We are thinking of the following approach:
1. Support view creation/update/deletion through the query REST endpoint, with a different query type.

2. Implement view persistence as a mysql table in the metadata storage, as tuples of view name

3. Implement a new ViewManager that reads from persisted views in metadata storage during initialization. 

Wanted to solicit comments on related work happening if any, and feedback on the above proposal.


Thanks.

pala.m...@airbnb.com

unread,
Dec 5, 2017, 4:56:37 PM12/5/17
to Druid Development
I am going through the implementation right now. Does anybody here have any thoughts on this?

Also, one question i have is that the ViewManager interface has dependency on PlannerFactory. Is that a correct dependency to maintain? Or should ViewManager deal with view name and view sql attributes and defer the DruidViewMacro creation to DruidSchema? Regardless, within DruidSchema we'd need PlannerFactory object it looks like - leading to circular dependency of objects. @Gian Merlino, any thoughts on this?

Finally, it will be ideal if we can support view creation within the SQL itself, but i haven't started looking into Calcite implementation and what we need to do within Druid to enable this. Please share any details if you have already looked into this.

Thank you.

Himanshu Gupta

unread,
Dec 7, 2017, 11:33:25 AM12/7/17
to Druid Development
Thanks, Presto integration is nice. However why does that have a dependency on view support?

When you say, "View persistence in metadata storage"? Do you mean storing materialized view or just the view definition? In general, use of metadata store is restricted  to be very small and to store configs and essential metadata only and also no feature uses it in a way requiring a high read/write throughput . My main concern is that, It appears that proposed view implementation would bring metadata store in the query path and expecting high read throughput on metadata store.

-- Himanshu

pala.m...@airbnb.com

unread,
Dec 7, 2017, 12:39:36 PM12/7/17
to Druid Development
Thanks for getting back Himanshu!

The reason we need view definition is to support pushdown of aggregate queries into Druid. Currently Presto's connector abstraction only allows purely select queries to be sent to underlying storage (by providing just table name and columns to project). So aggregation would then be happening in Presto, which defeats the purpose here. One suggested approach is to define a view in Druid that captures aggregations, then treat it as table in Presto engine and perform 'select *' query.

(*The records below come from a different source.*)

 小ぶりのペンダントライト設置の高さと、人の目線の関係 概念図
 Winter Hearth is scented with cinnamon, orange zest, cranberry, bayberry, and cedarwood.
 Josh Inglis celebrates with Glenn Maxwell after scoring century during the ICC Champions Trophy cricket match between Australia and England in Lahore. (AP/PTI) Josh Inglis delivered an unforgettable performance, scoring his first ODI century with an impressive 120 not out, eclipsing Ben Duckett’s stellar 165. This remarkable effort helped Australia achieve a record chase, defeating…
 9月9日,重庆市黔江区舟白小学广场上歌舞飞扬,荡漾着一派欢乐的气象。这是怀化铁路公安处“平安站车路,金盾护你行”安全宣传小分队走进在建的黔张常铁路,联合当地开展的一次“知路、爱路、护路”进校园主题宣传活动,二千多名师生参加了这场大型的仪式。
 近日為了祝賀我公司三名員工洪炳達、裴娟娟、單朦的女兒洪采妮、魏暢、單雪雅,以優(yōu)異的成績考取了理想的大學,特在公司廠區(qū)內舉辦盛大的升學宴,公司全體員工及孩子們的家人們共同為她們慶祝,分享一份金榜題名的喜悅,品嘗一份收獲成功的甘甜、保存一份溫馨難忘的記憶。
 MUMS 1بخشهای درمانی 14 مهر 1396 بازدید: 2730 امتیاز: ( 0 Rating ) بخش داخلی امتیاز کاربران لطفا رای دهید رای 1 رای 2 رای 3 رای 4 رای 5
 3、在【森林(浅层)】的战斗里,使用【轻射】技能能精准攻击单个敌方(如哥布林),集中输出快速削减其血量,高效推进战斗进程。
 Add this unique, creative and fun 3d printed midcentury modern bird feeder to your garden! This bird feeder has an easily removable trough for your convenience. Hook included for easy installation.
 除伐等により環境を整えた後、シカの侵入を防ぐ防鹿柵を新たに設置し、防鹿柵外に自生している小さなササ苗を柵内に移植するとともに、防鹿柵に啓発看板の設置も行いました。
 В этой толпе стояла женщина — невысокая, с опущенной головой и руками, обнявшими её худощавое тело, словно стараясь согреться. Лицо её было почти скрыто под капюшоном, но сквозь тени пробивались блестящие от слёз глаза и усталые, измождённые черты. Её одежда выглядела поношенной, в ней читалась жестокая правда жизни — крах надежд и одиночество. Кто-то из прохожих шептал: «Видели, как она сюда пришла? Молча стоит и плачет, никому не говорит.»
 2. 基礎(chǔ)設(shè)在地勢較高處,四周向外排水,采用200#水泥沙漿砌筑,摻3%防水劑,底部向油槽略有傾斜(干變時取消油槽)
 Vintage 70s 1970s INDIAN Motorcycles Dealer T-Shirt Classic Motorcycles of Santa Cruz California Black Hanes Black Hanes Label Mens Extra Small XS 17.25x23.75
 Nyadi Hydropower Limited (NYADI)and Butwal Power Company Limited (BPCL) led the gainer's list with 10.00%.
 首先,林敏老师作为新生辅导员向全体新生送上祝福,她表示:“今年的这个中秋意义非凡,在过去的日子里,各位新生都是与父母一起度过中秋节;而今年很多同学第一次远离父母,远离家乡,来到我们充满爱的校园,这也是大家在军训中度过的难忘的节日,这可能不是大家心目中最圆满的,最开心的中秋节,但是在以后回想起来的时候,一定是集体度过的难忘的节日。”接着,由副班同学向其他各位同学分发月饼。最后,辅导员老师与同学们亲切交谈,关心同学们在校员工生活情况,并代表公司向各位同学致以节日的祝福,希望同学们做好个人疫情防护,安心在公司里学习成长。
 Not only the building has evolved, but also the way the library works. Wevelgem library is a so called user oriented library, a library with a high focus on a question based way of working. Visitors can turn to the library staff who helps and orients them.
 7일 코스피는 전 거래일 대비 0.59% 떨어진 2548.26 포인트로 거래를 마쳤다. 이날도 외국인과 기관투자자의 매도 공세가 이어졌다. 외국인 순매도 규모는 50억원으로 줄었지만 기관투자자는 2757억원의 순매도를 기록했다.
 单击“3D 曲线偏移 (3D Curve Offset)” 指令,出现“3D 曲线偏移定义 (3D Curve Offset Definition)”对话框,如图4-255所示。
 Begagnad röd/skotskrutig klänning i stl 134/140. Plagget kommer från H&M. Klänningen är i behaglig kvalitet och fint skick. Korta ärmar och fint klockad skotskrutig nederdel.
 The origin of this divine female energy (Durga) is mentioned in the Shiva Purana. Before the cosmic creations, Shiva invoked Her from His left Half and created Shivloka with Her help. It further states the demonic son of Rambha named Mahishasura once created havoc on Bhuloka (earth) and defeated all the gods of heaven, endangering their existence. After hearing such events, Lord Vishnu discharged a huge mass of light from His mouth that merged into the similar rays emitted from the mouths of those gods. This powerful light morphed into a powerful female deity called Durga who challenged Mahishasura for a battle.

View persistence: I mean persist the view sql definition in a metadata table. If there was only one broker node, we can address your concern by caching the view definitions in memory. Given there could be multiple broker nodes, we do need the metadata table to be read on each query. We can employ more complicated approaches but its unclear if its worth it. Let me know if you have any other suggestions here.

It looks like you guys did start with some view support. Did you have any future plans on proceeding with view support?

Himanshu Gupta

unread,
Dec 7, 2017, 3:40:11 PM12/7/17
to Druid Development
I see, so its only for translating a plain select query that presto core can give to druid-presto-connector into a query with aggregations.

For now, given the use case, It might be better to just explore how well presto connector works and store the "view definition and other query translation info" in a separate place outside of Druid that is accessible to presto connector , e.g. in static configuration files deployed on each presto node , in a database somewhere that presto connector directly interacts with (maybe same database that you're using for Druid), in a json file stored on a shared storage system (hdfs ... ) etc.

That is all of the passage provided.